_AIM OF THE TASK_: The entries that follow need to be reproduced exactly, minus any images.

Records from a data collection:
# # # #
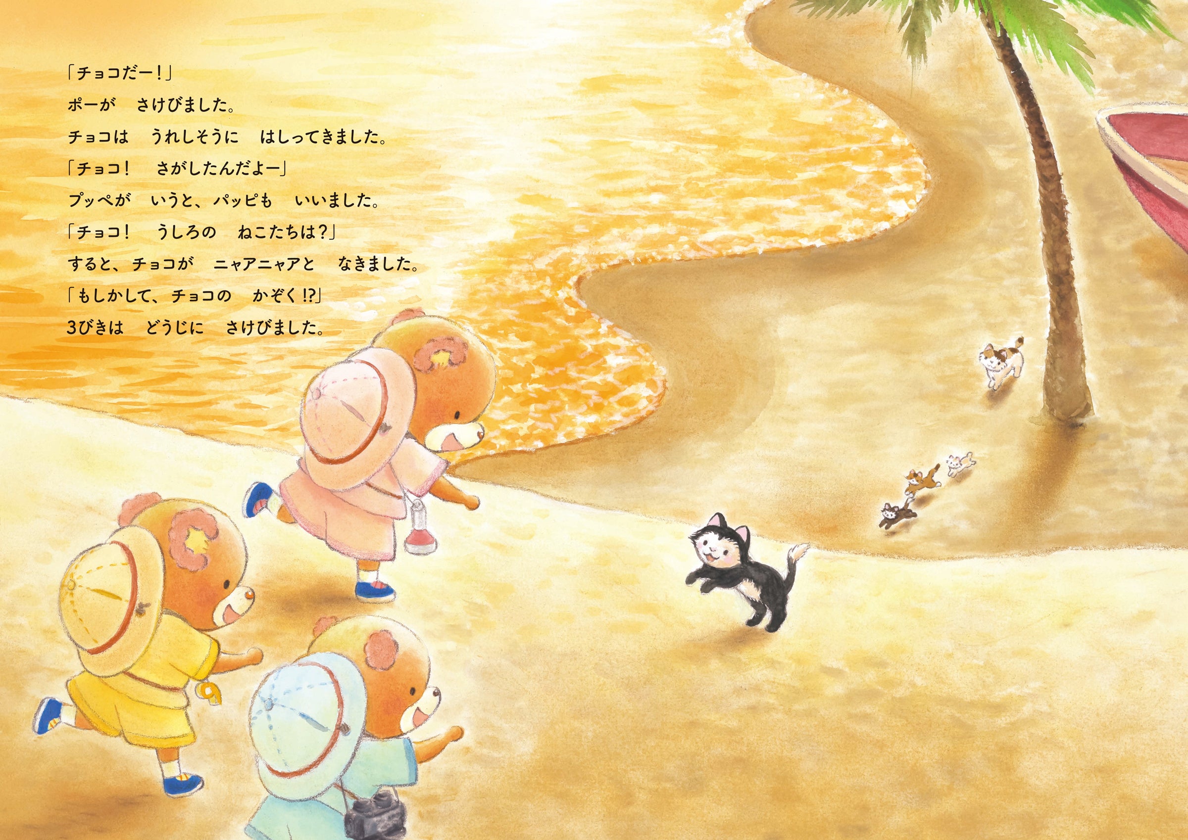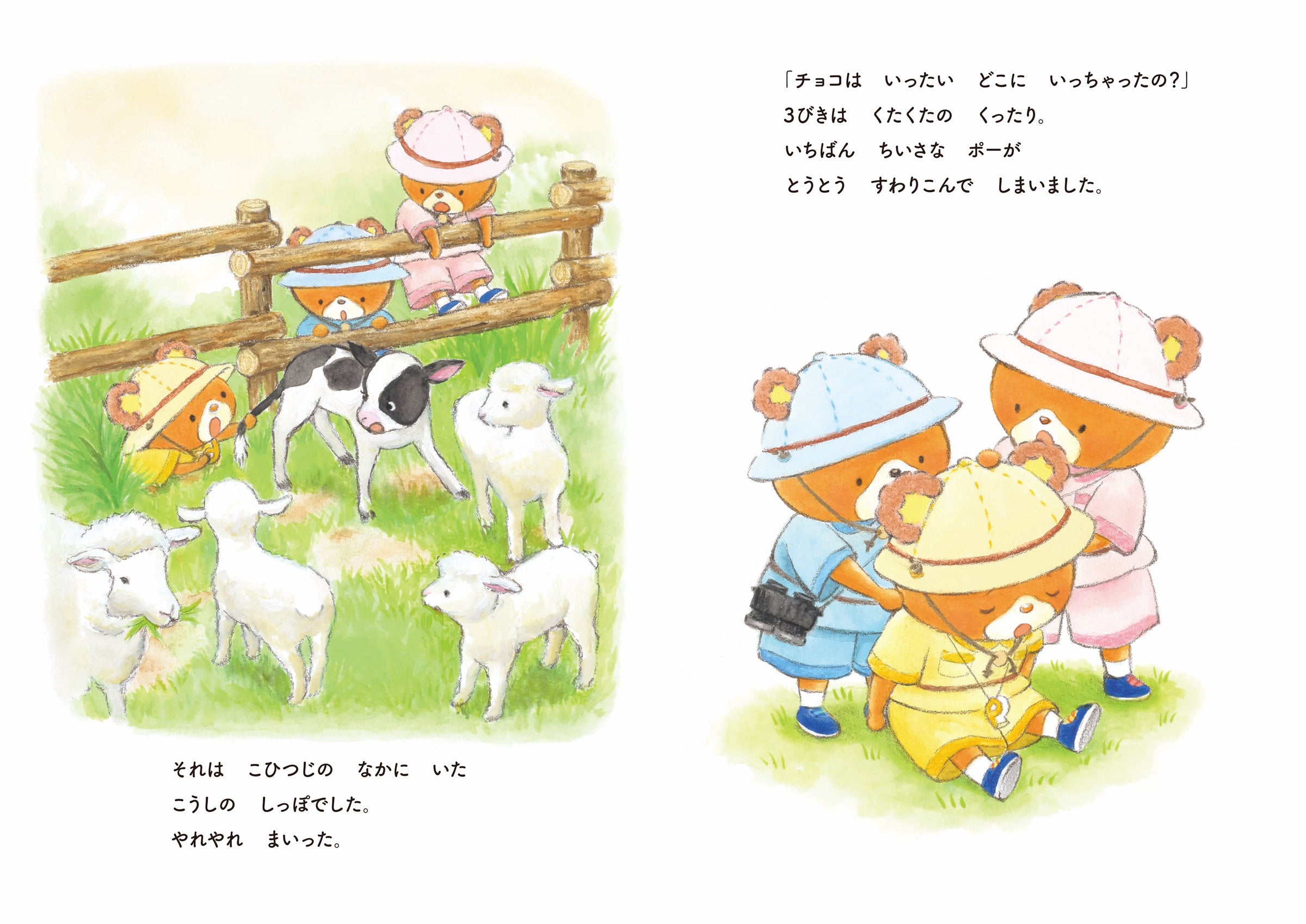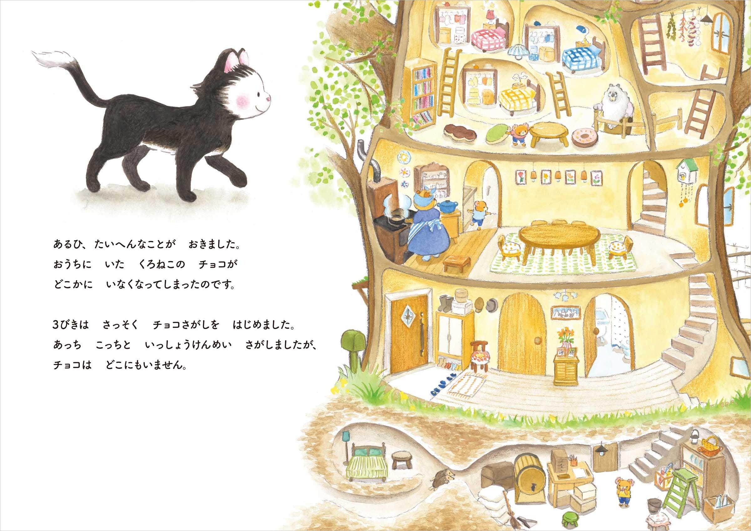 第2巻は、こぐまの3きょうだいが、ネコのチョコをさがす、
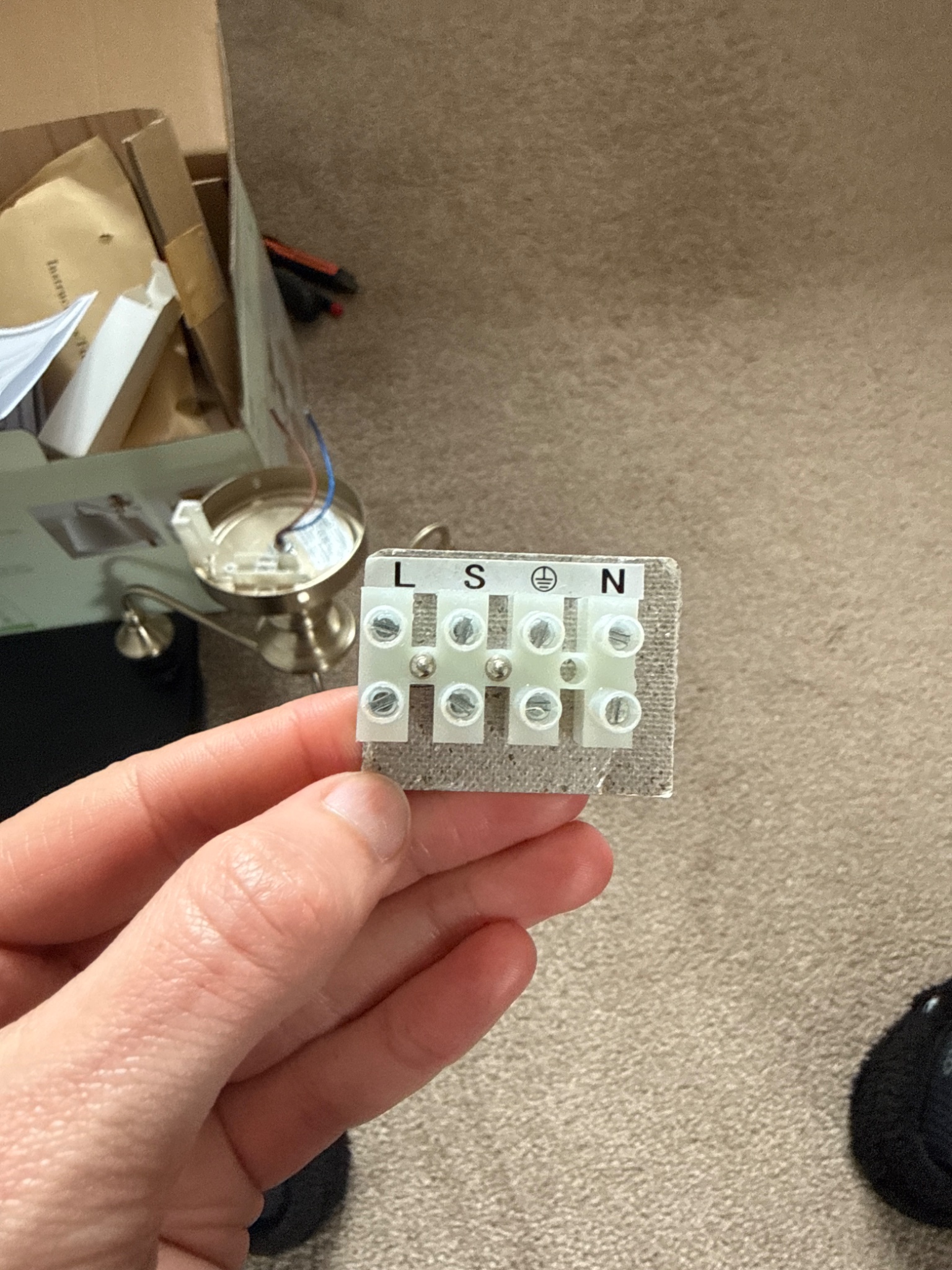 Trying to fit new light and forgot to take photos of old wiring. Only one red wire picking up on meter unless I increase sensitivity and then one of the black wires is picked up. New light fitting only has small junction box with one brown and one blue. Have tried multiple combinations and can only get light to work when permanent live is wired in - and switch not turned on! Old light had wiring connected to the block in second photo.
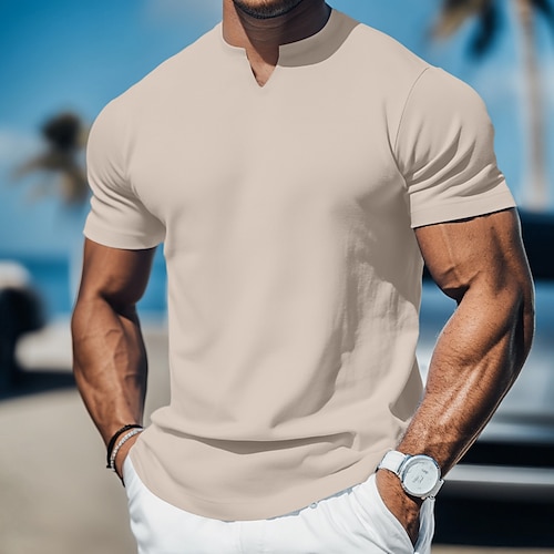 Per uomo Maglietta Mezze maniche Scollo a V Primavera Autunno Semplice Moda Designer Essenziale Allacciato Vacanza Streetwear Uscire Aalbicocca Nero Bianco Maglietta Top per Uomo
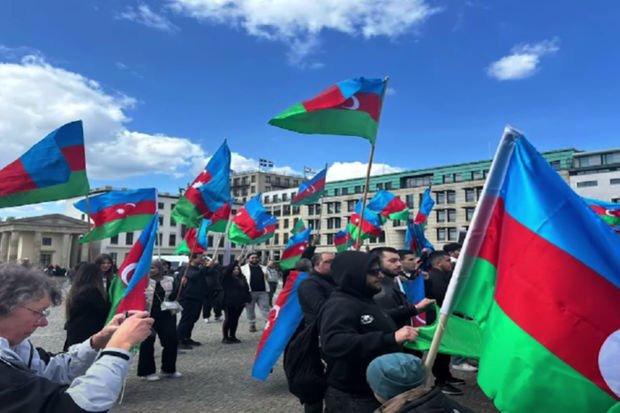 Berlində yaşayan azərbaycanlılar Prezident İlham Əliyev rəsmi şəxslərlə görüş üçün gəldiyi əraziyə toplaşaraq, dövlət başçısının kortejini qarşılayıblar.
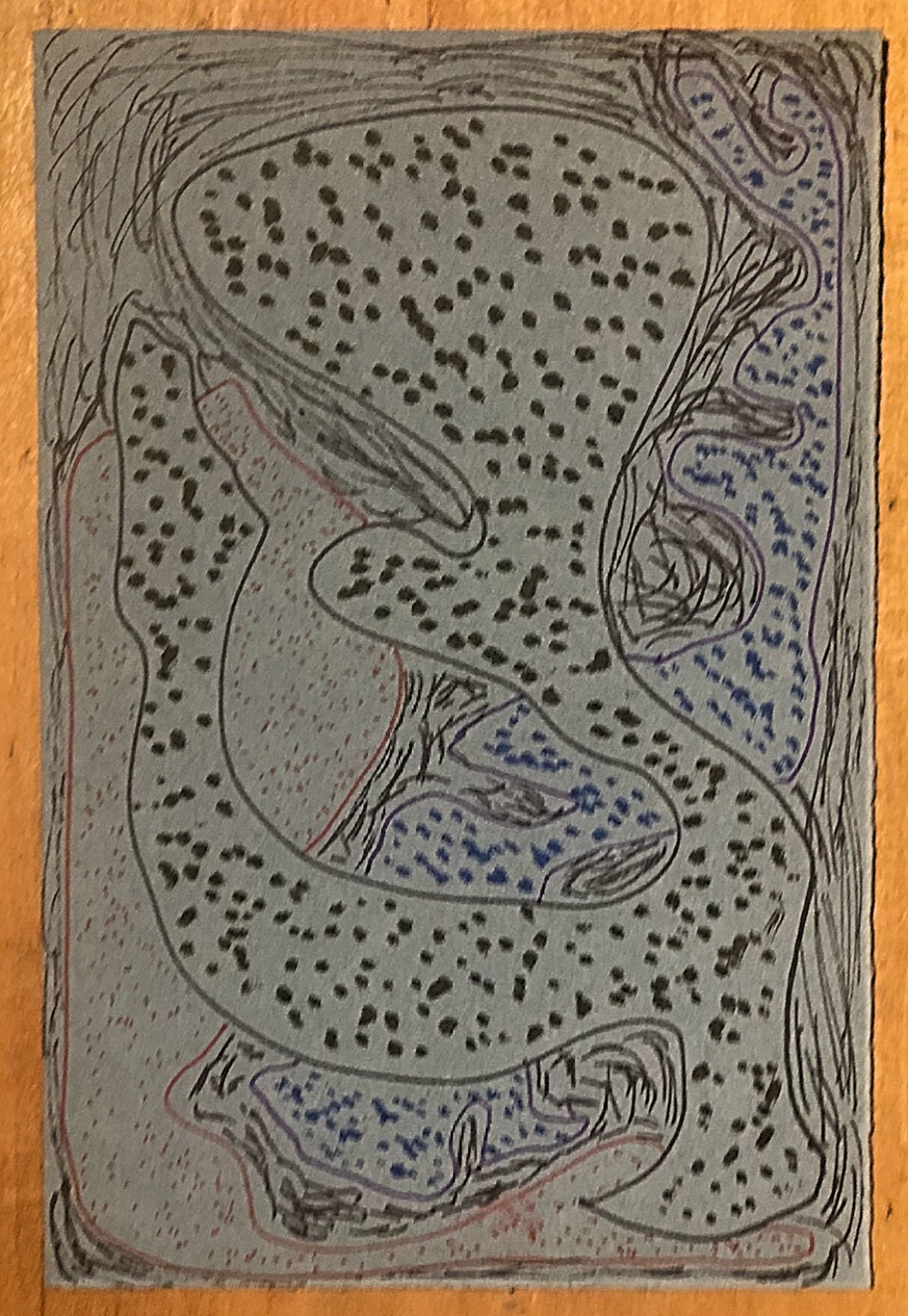 I forgot to mention that one of the categories prompted by our drawing teacher was doodles. Doodles? That could be anything! Too many possibilities and choices for me. So, I reverted to some amorphous shapes, loosely ornamented with dots. I think there are 2 like this one.
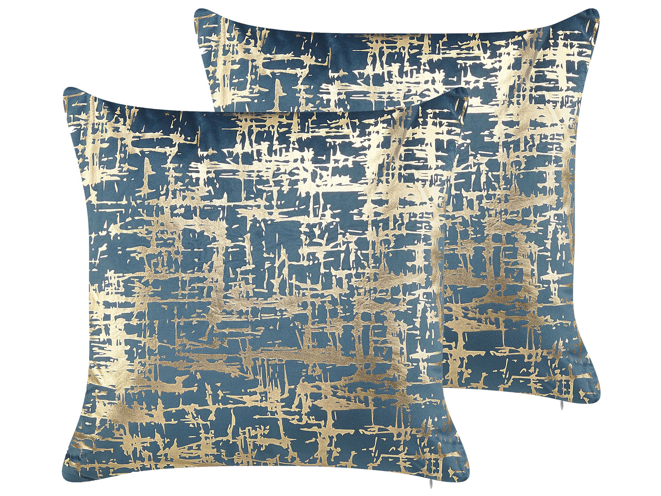 Set of 2 Cushions Crackle Pattern 45x45cm Blue and Gold
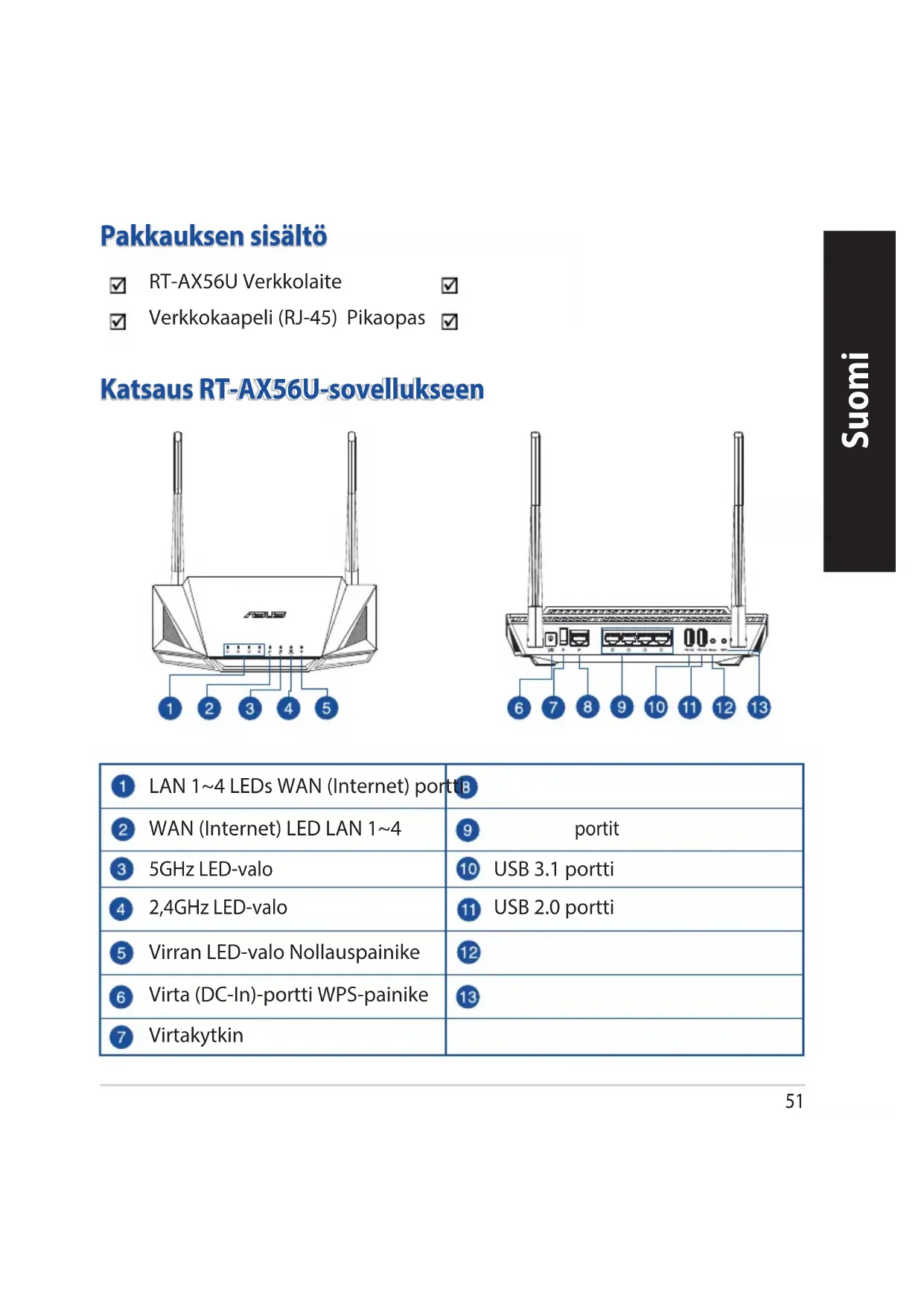 - Vouspouvezconsulterlemanueldel'utilisateurenligneàl'adressesuivante: https://www.asus.com/support51 Suomi Katsaus RT-AX56U-sovellukseen Pakkauksen sisältö RT-AX56U Verkkolaite Verkkokaapeli (RJ-45) Pikaopas LAN 1~4 LEDs WAN (Internet) portti WAN (Internet) LED LAN 1~4 portit 5GHz LED-valo USB 3.1 portti 2,4GHz LED-valo USB 2.0 portti Virran LED-valo Nollauspainike Virta (DC-In)-portti WPS-painike Virtakytkin52 Suomi Reitittimen sijoittaminen Varmistaaksesi parhaan signaalin lähetyksen langattoman reitittimen ja siihen liitettyjen verkkolaitteiden välillä, tarkista, että:
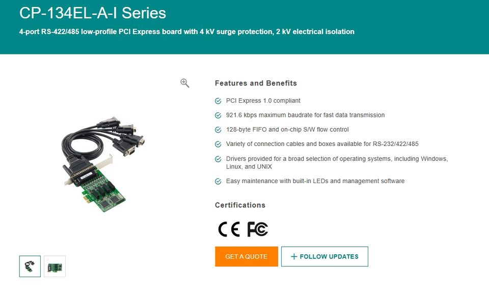 Tarjetas Moxa PCI Express/UPCI/PCI Serial con 4 Puertos Conector Hembra DB44 CP-134EL-A-I-DB25M
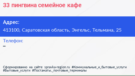33 пингвина, семейное кафе по адресу 413100, Саратовская область, Энгельс, Тельмана, 25 в дальнейшем Организация, размещена в следующих категориях:
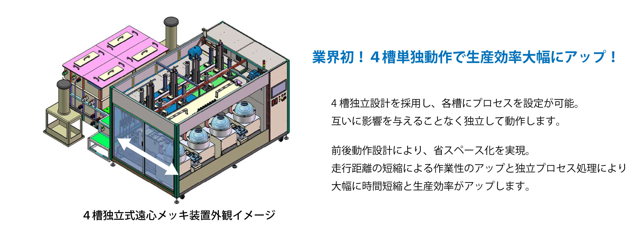 コンパクトな装置設計、金メッキも可能です。独立したメッキ槽で構成され、一つの槽で2系統のメッキ液供給系を有します。MLCC, MLCI共に、0201mm(008004in)から3225mm(1210in)まで対応可能です。
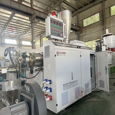 A4 สกรูหมุนต่อเนื่อง และวัสดุที่พลาสติกส์ถูกผลักออกจากเครื่องผลักออกสองสกรูและตัดเป็นลูกกลองโดยเครื่องตัดร้อน
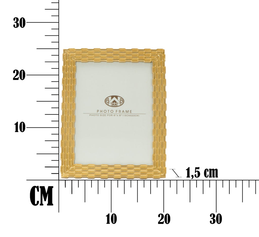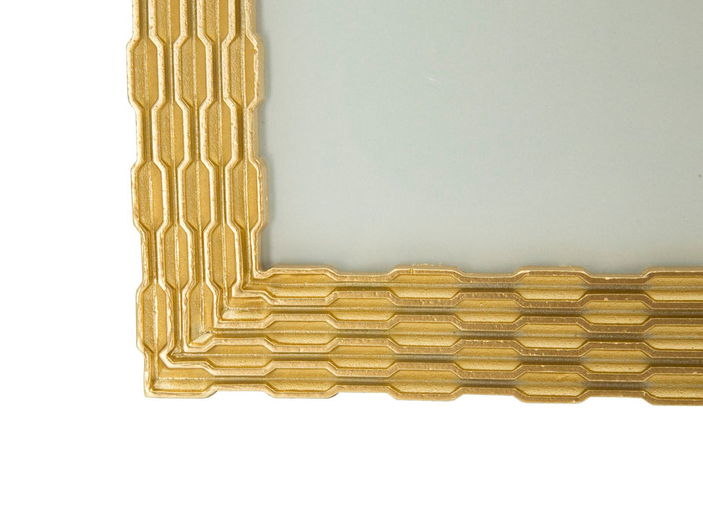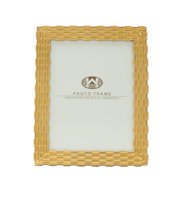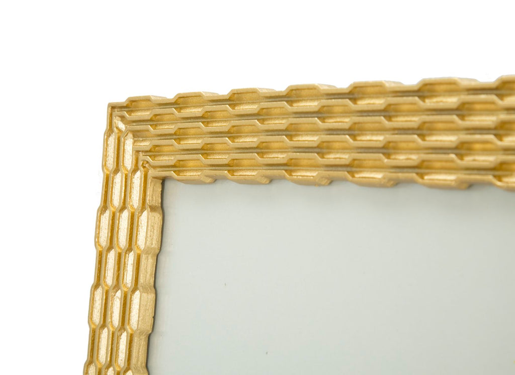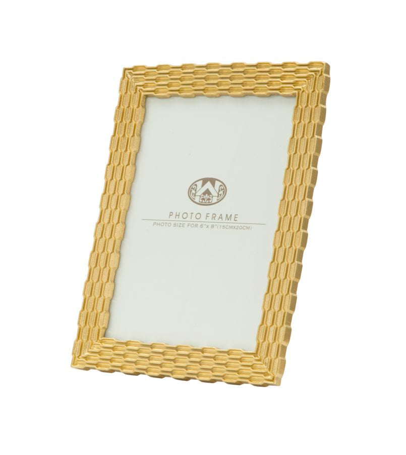 Elegante cornice in resina con decori geometrici. Un tocco d'oro non può mancare in una casa glam. Le cornici portafoto sono una soluzione ideale per dare uno tocco di luce all'ambiente senza sovraccaricarlo.
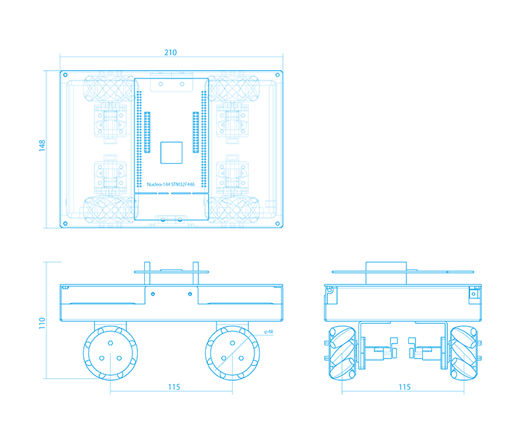 メカナムホイールは、45°傾いた樽型ローラーで構成された特殊な車輪です。4つの車輪を個々に制御することで定置旋回や車体の向きを変えずに全方向移動が可能です。 センサやカメラを搭載すれば、ものを避けたり追いかけたり、まさに「ロボット」さながらの動きをします。制御用マイコンとして STM32Nucleoを標準で搭載しており、開発環境は無償の「STM32CubeIDE」や「Mbed」を利用できます。STM32用のサンプルソースをご用意しておりますので、すぐに動かしてみることができます。
# # # #
_REPLY_:
 第2巻は、こぐまの3きょうだいが、ネコのチョコをさがす、
 Trying to fit new light and forgot to take photos of old wiring. Only one red wire picking up on meter unless I increase sensitivity and then one of the black wires is picked up. New light fitting only has small junction box with one brown and one blue. Have tried multiple combinations and can only get light to work when permanent live is wired in - and switch not turned on! Old light had wiring connected to the block in second photo.
 Per uomo Maglietta Mezze maniche Scollo a V Primavera Autunno Semplice Moda Designer Essenziale Allacciato Vacanza Streetwear Uscire Aalbicocca Nero Bianco Maglietta Top per Uomo
 Berlində yaşayan azərbaycanlılar Prezident İlham Əliyev rəsmi şəxslərlə görüş üçün gəldiyi əraziyə toplaşaraq, dövlət başçısının kortejini qarşılayıblar.
 I forgot to mention that one of the categories prompted by our drawing teacher was doodles. Doodles? That could be anything! Too many possibilities and choices for me. So, I reverted to some amorphous shapes, loosely ornamented with dots. I think there are 2 like this one.
 Set of 2 Cushions Crackle Pattern 45x45cm Blue and Gold
 - Vouspouvezconsulterlemanueldel'utilisateurenligneàl'adressesuivante: https://www.asus.com/support51 Suomi Katsaus RT-AX56U-sovellukseen Pakkauksen sisältö RT-AX56U Verkkolaite Verkkokaapeli (RJ-45) Pikaopas LAN 1~4 LEDs WAN (Internet) portti WAN (Internet) LED LAN 1~4 portit 5GHz LED-valo USB 3.1 portti 2,4GHz LED-valo USB 2.0 portti Virran LED-valo Nollauspainike Virta (DC-In)-portti WPS-painike Virtakytkin52 Suomi Reitittimen sijoittaminen Varmistaaksesi parhaan signaalin lähetyksen langattoman reitittimen ja siihen liitettyjen verkkolaitteiden välillä, tarkista, että:
 Tarjetas Moxa PCI Express/UPCI/PCI Serial con 4 Puertos Conector Hembra DB44 CP-134EL-A-I-DB25M
33 пингвина, семейное кафе по адресу 413100, Саратовская область, Энгельс, Тельмана, 25 в дальнейшем Организация, размещена в следующих категориях:
 コンパクトな装置設計、金メッキも可能です。独立したメッキ槽で構成され、一つの槽で2系統のメッキ液供給系を有します。MLCC, MLCI共に、0201mm(008004in)から3225mm(1210in)まで対応可能です。
 A4 สกรูหมุนต่อเนื่อง และวัสดุที่พลาสติกส์ถูกผลักออกจากเครื่องผลักออกสองสกรูและตัดเป็นลูกกลองโดยเครื่องตัดร้อน
 Elegante cornice in resina con decori geometrici. Un tocco d'oro non può mancare in una casa glam. Le cornici portafoto sono una soluzione ideale per dare uno tocco di luce all'ambiente senza sovraccaricarlo.
 メカナムホイールは、45°傾いた樽型ローラーで構成された特殊な車輪です。4つの車輪を個々に制御することで定置旋回や車体の向きを変えずに全方向移動が可能です。 センサやカメラを搭載すれば、ものを避けたり追いかけたり、まさに「ロボット」さながらの動きをします。制御用マイコンとして STM32Nucleoを標準で搭載しており、開発環境は無償の「STM32CubeIDE」や「Mbed」を利用できます。STM32用のサンプルソースをご用意しておりますので、すぐに動かしてみることができます。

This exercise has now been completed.